Well, earlier this month, Apple did show where machine learning is being used in its products — not to Etzioni, but to me. (Oren, please read.) I spent the better part of a day in the boardroom of One Infinite Loop at the Cupertino headquarters, getting a core dump of the company’s activities in AI and machine learning from top Apple executives (Cue, senior worldwide marketing vice president Phil Schiller, and senior vice president of software engineering Craig Federighi), as well as two key Siri scientists. As we sat down, they handed me a dense, two-page agenda listing machine-learning-imbued Apple products and services — ones already shipping or about to — that they would discuss.

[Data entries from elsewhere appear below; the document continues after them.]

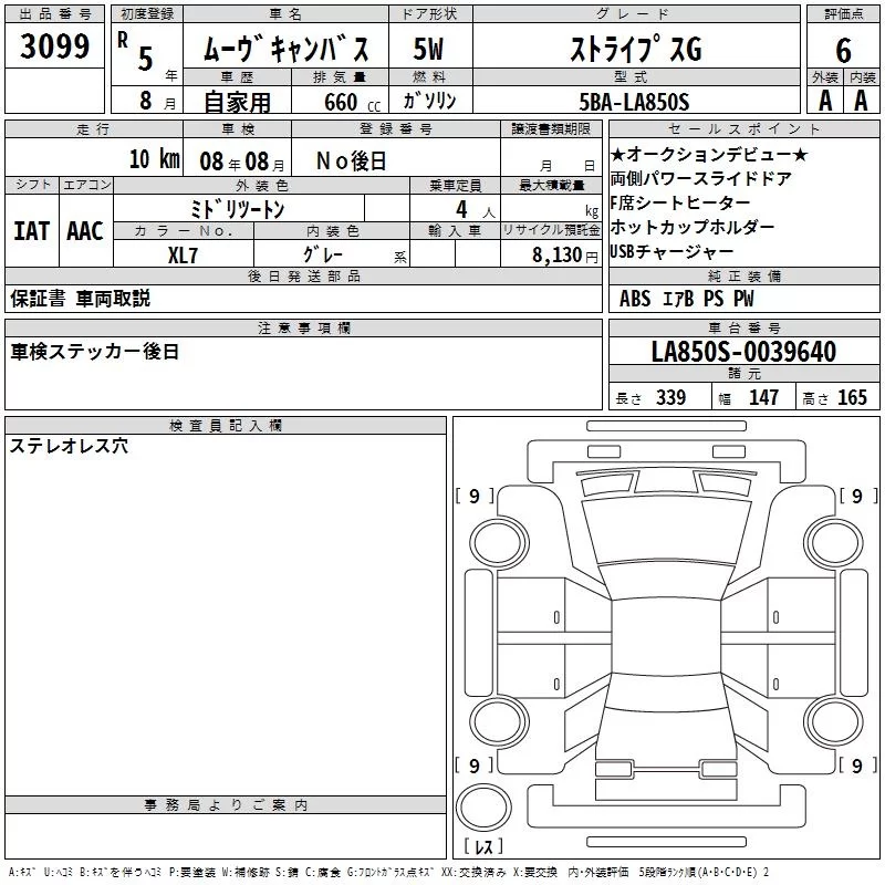 Daihatsu MOVE CANBUS с аукциона Японии TAA Kanto лот № 3099
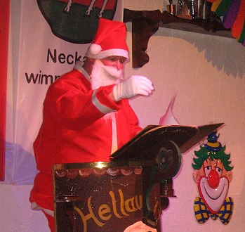 Zum Startbild (ko) Nach der ersten Faschingssitzung am Freitagabend, die traditionell im Stammlokal "Bergstübel" in Neckarwimmersbach stattfand, prunkten die Narren der KG Urmel am Samstagabend im Vereinsheim des SV 1924 Eberbach in der Au. Nach dem Ein- und gleich wieder Ausmarsch des Elferrats übernahm Sitzungspräsident Bernhard "Lungo" Walter in gewohnter Manier die Regie des Abends. Zur Einstimmung wurde der Urmel-Schlachtruf „Zicke, Zacke....Zicke, Zacke....Zicke, Zacke..... Urmel, Urmel, Urmel“ geübt.
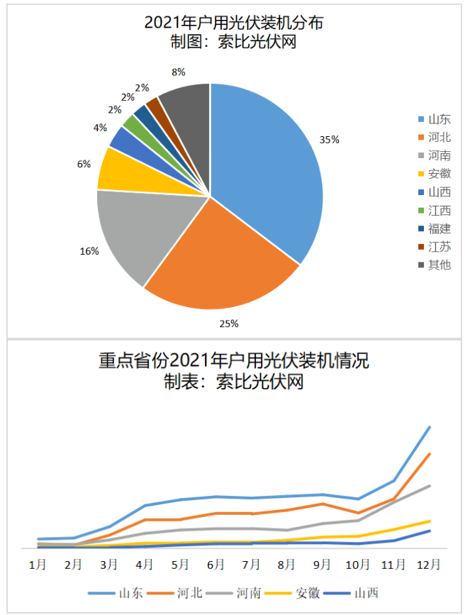 从2021年各省户用光伏装机规模看,山东、河北、河南依然是最核心的三个主力市场,安徽、山西、江西、福建、江苏等5个省也实现了装机超400MW、占比超2%的目标。
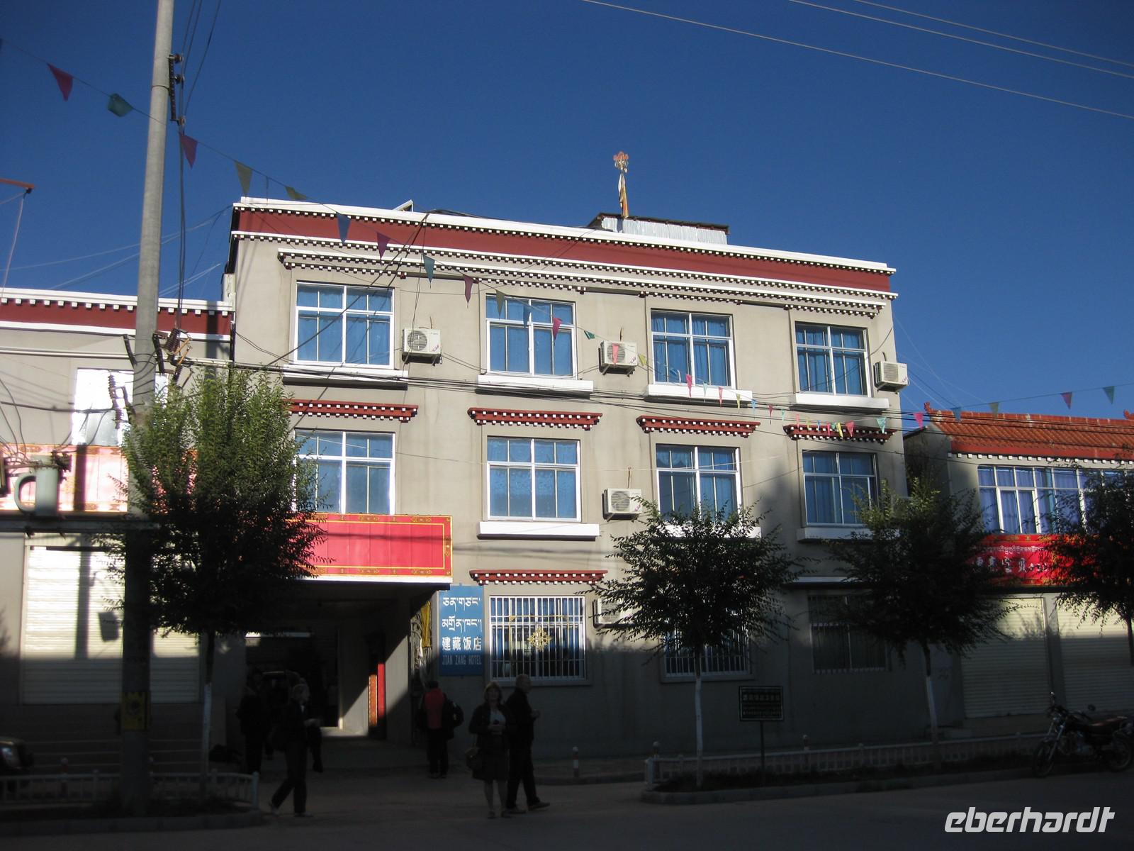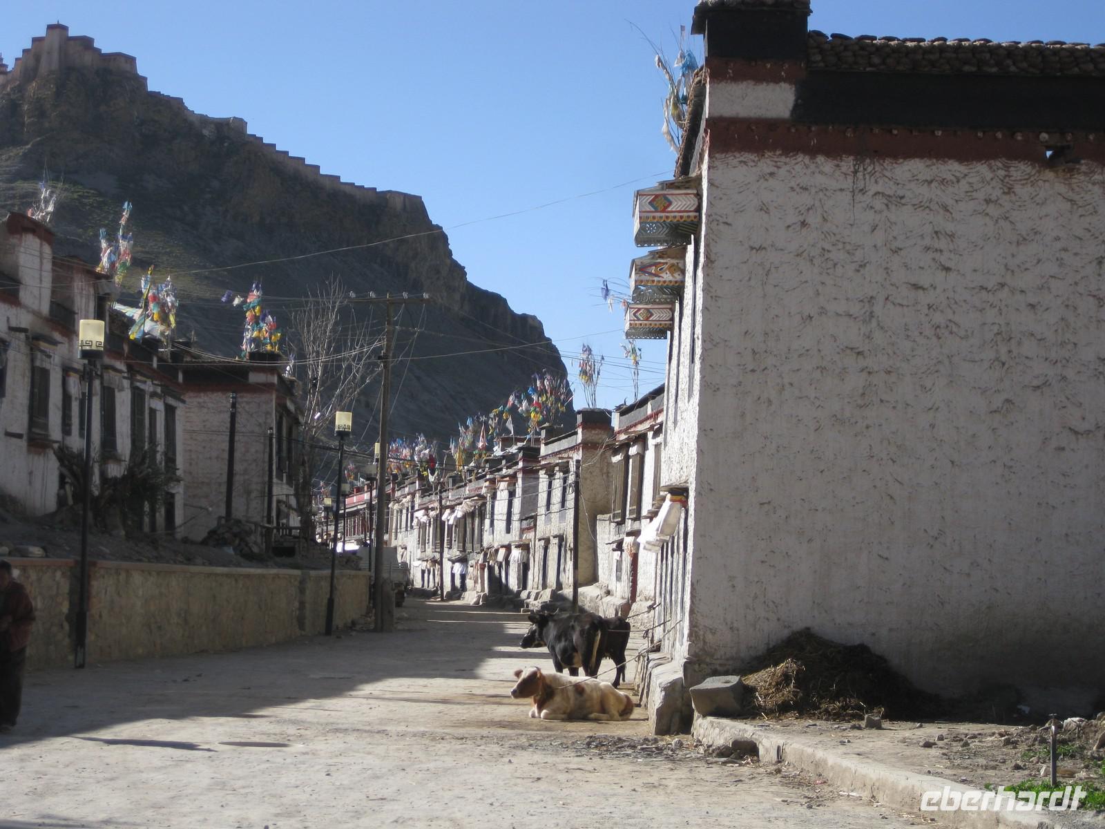 Um 18.00 Uhr kommen wir in unserem Hotel in Gyantse an. Wir beziehen unsere Zimmer und gehen anschließend in das nahe gelegene Restaurant zum Abendessen. Wir werden vom Chef höchstpersönlich empfangen. Es gibt tibetische Speisen, die uns auch sehr gut schmecken. Nach dem Abendessen bummeln wir noch etwas durch das Städtchen.

The message: We’re already here. A player. Second to none.But we do it our way.

If you’re an iPhone user, you’ve come across Apple’s AI, and not just in Siri’s improved acumen in figuring out what you ask of her. You see it when the phone identifies a caller who isn’t in your contact list (but did email you recently). Or when you swipe on your screen to get a shortlist of the apps that you are most likely to open next. Or when you get a reminder of an appointment that you never got around to putting into your calendar. Or when a map location pops up for the hotel you’ve reserved, before you type it in. Or when the phone points you to where you parked your car, even though you never asked it to. These are all techniques either made possible or greatly enhanced by Apple’s adoption of deep learning and neural nets.

Yes, there is an “Apple brain” — it’s already inside your iPhone.

Face recognition? Apple is in the game with its neural nets.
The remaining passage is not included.